■ **REQUIRED ACTION**
For this exercise, copy exactly the lines below from the one with "Kurz vor Kamloops" through the one with "Experience the pinnacle" and leave out the pictures.

■ **EXERCISE DATA**
>>>

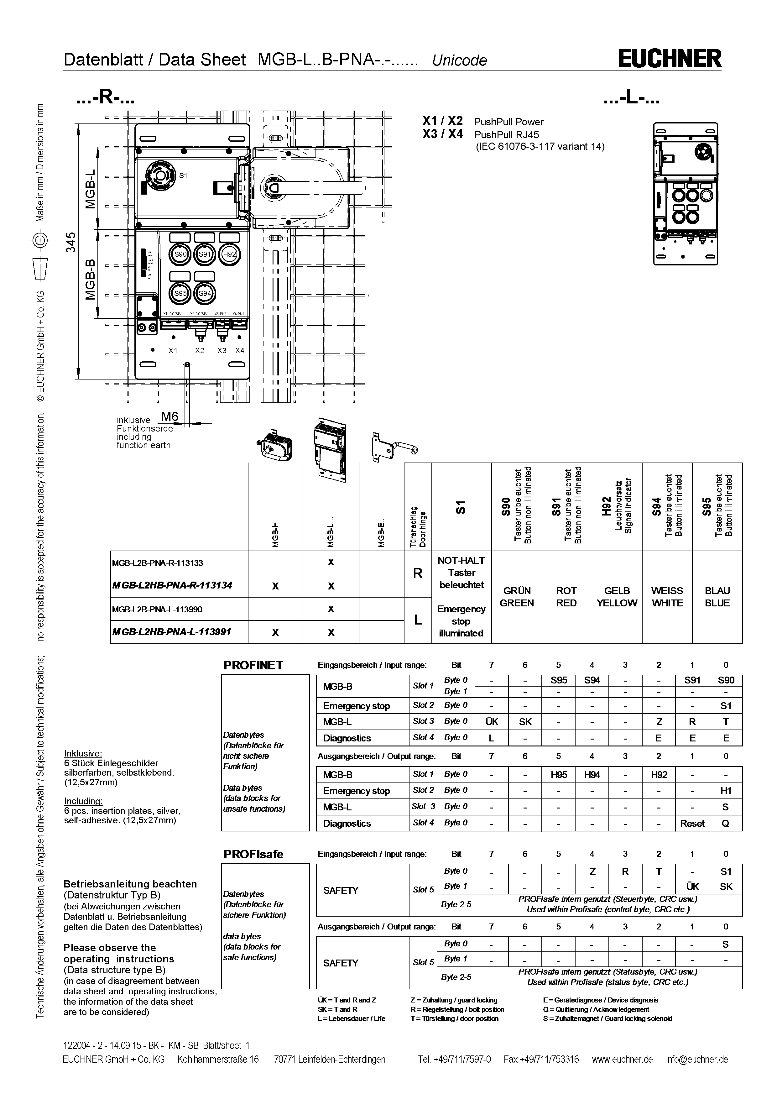 Betriebsanleitung Sicherheitssysteme MGB-L..B-PN.-… (PROFINET) und mit Datenstruktur Typ B
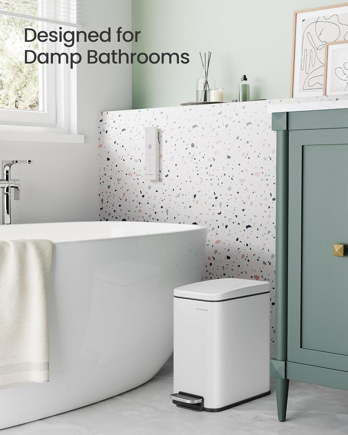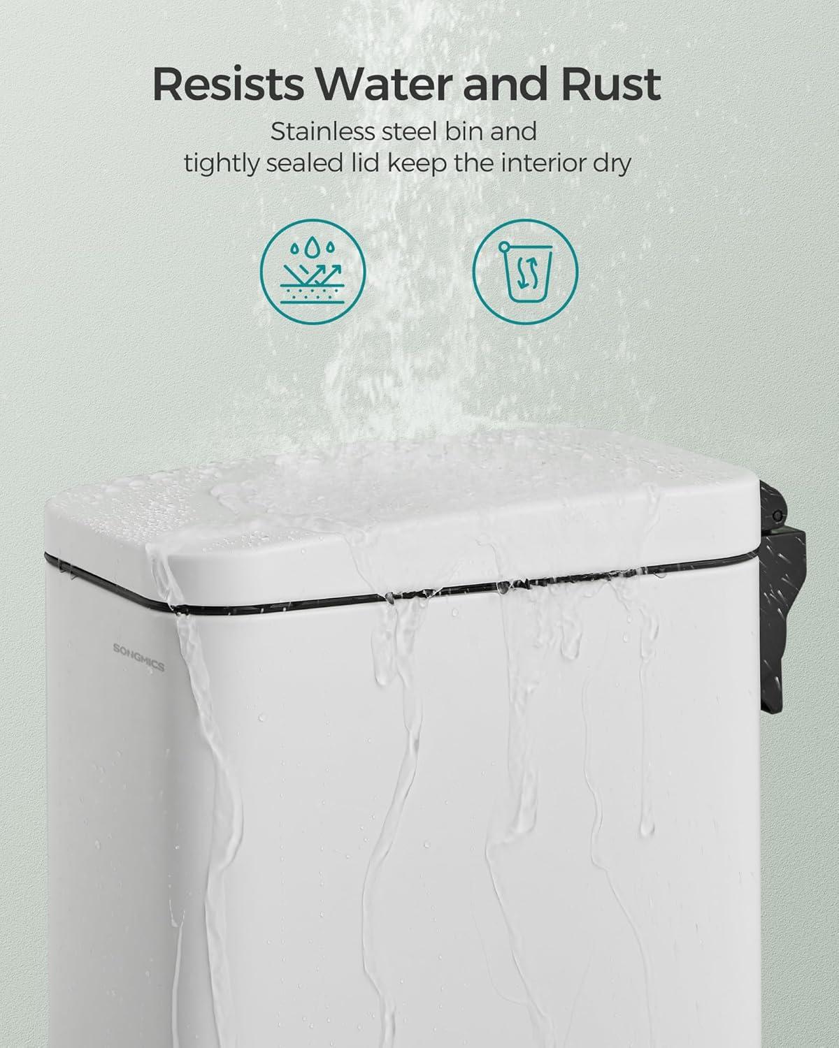 [Perfect for Damp Bathrooms] Featuring a stainless steel bin and a tightly sealed lid, this small trash can is resistant to rust and water, ensuring a dry interior that’s perfect for use in damp bathrooms
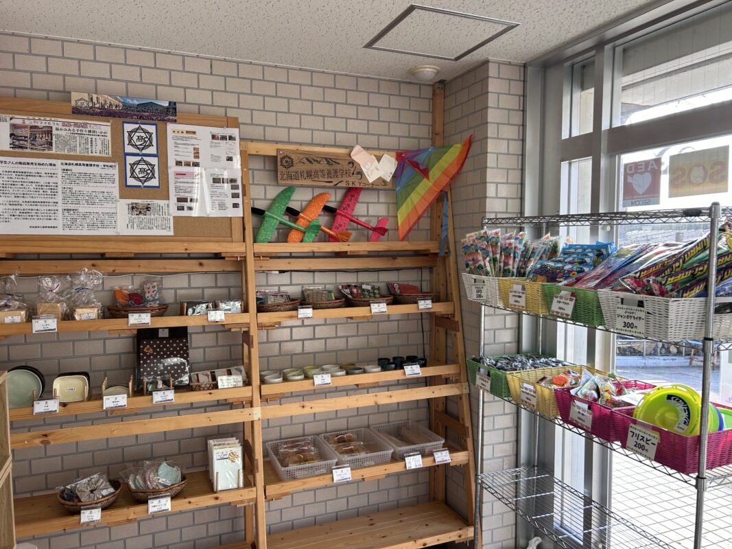 売店では外で遊べるおもちゃ、北海道札幌高等養護学校の生徒さまが作った作品などを販売しております。
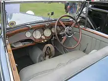 Triumph had been moving progressively upmarket during the 1930s, and the 1938 Dolomites were very well equipped, with winding windows in the doors, automatic chassis lubrication, a leather-bound steering wheel adjustable for rake and reach, dual hydraulic brake circuits, twin trumpet horns, and spot lamps included in the price.[10] There was even a tray of fitted tools slotted beneath the driver's seat cushion, and for an extra 18 guineas buyers could specify a radio.[10]
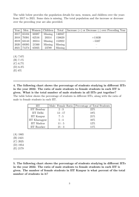 The following table gives the population of a town from 2017 to 2021. Some data is missing from it. The percentage change in the population in 2020 with respect to 2018 is:
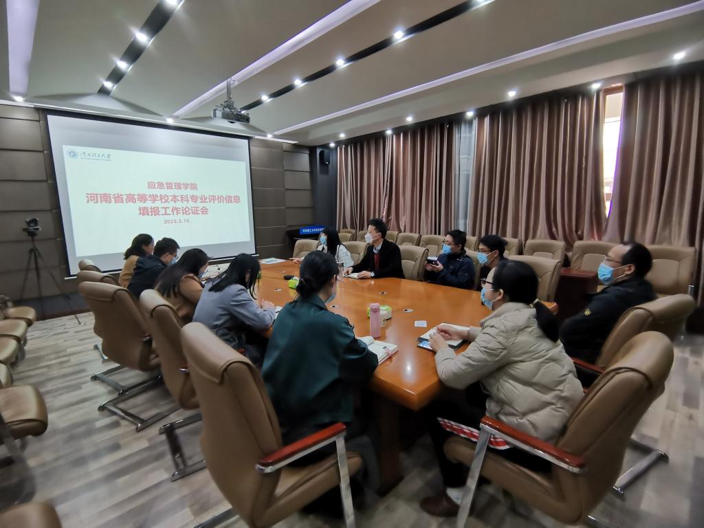 3月15日上午,应急管理学院在文综楼518会议室召开河南省高等学校本科专业评价信息数据填报工作研讨会。副院长吴晓涛、公共事业管理专业、管理科学专业、应急技术与管理专业负责人及数据填报小组成员、教科办工作人员参加会议。会议由吴晓涛主持。
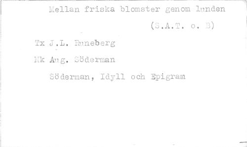 //// Kellan friska blomster genom lunden //// (S.A.T. o. B) //// Tx j.L. Runeberg Ek Aug. Söderman //// Söde/man, Idyll och Epigram ////
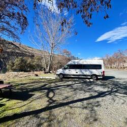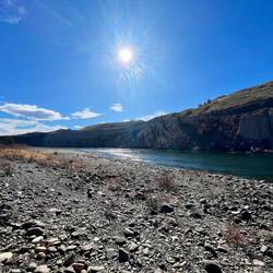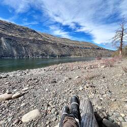 Kurz vor Kamloops finden wir einen schönen Stellplatz direkt am Thompson River beim kleinen Campingbereich Juniper Beach Provincial Park. Auf den ersten Blick wirkt alles ziemlich idyllisch: direkt am Wasser, viel Platz, kaum Leute und weit genug von der Straße entfernt – perfekt für eine ruhige Nacht.
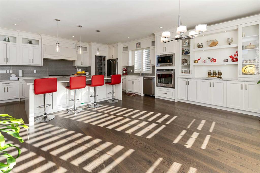 Experience the pinnacle of suburban luxury at 129 Kinniburgh Gardens, a masterfully crafted residence by Sun Star Homes situated on a premium corner lot in Chestermere. This sprawling 2-storey home offers an abundance of sophisticated living space, highlighted by an open-to-above family room, high-end California blinds, and custom woodwork that flows seamlessly from the main-floor office to the massive dining area with its built-in wine rack. The gourmet chef’s kitchen is a showstopper with quartz countertops and a walk-through pantry, while the upper level serves as a private sanctuary featuring a vaulted master suite and a versatile bonus room with integrated ceiling speakers. Beyond the four spacious upstairs bedrooms, the fully finished basement adds incredible value with a second kitchen, a large rec room, and two additional bedrooms—perfect for guests or multi-generational living. Complete with a west-facing backyard, custom metal fencing, and professional landscaping, this home offers an unparalleled lifestyle just minutes from Chestermere Lake, top-tier schools, and local amenities. This is a rare opportunity to own a home where every detail has been thoughtfully curated for a life of comfort and prestige.
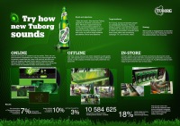 | Description | Target audience. Young, dynamic people are strategically important for Tuborg. They are always in searche of something fresh and nonstandard, that is why they are not receptive to classic communication channels which brand used within main advertising campaign (TV, OOH, metro). Strategy. We focused on engagement and decided not only to show new Tuborg, but also let the audience listen and see how it sounds. Idea. Try how new Tuborg sounds |

<<<

■ **SOLUTION TO THIS TASK**
 Kurz vor Kamloops finden wir einen schönen Stellplatz direkt am Thompson River beim kleinen Campingbereich Juniper Beach Provincial Park. Auf den ersten Blick wirkt alles ziemlich idyllisch: direkt am Wasser, viel Platz, kaum Leute und weit genug von der Straße entfernt – perfekt für eine ruhige Nacht.
 Experience the pinnacle of suburban luxury at 129 Kinniburgh Gardens, a masterfully crafted residence by Sun Star Homes situated on a premium corner lot in Chestermere. This sprawling 2-storey home offers an abundance of sophisticated living space, highlighted by an open-to-above family room, high-end California blinds, and custom woodwork that flows seamlessly from the main-floor office to the massive dining area with its built-in wine rack. The gourmet chef’s kitchen is a showstopper with quartz countertops and a walk-through pantry, while the upper level serves as a private sanctuary featuring a vaulted master suite and a versatile bonus room with integrated ceiling speakers. Beyond the four spacious upstairs bedrooms, the fully finished basement adds incredible value with a second kitchen, a large rec room, and two additional bedrooms—perfect for guests or multi-generational living. Complete with a west-facing backyard, custom metal fencing, and professional landscaping, this home offers an unparalleled lifestyle just minutes from Chestermere Lake, top-tier schools, and local amenities. This is a rare opportunity to own a home where every detail has been thoughtfully curated for a life of comfort and prestige.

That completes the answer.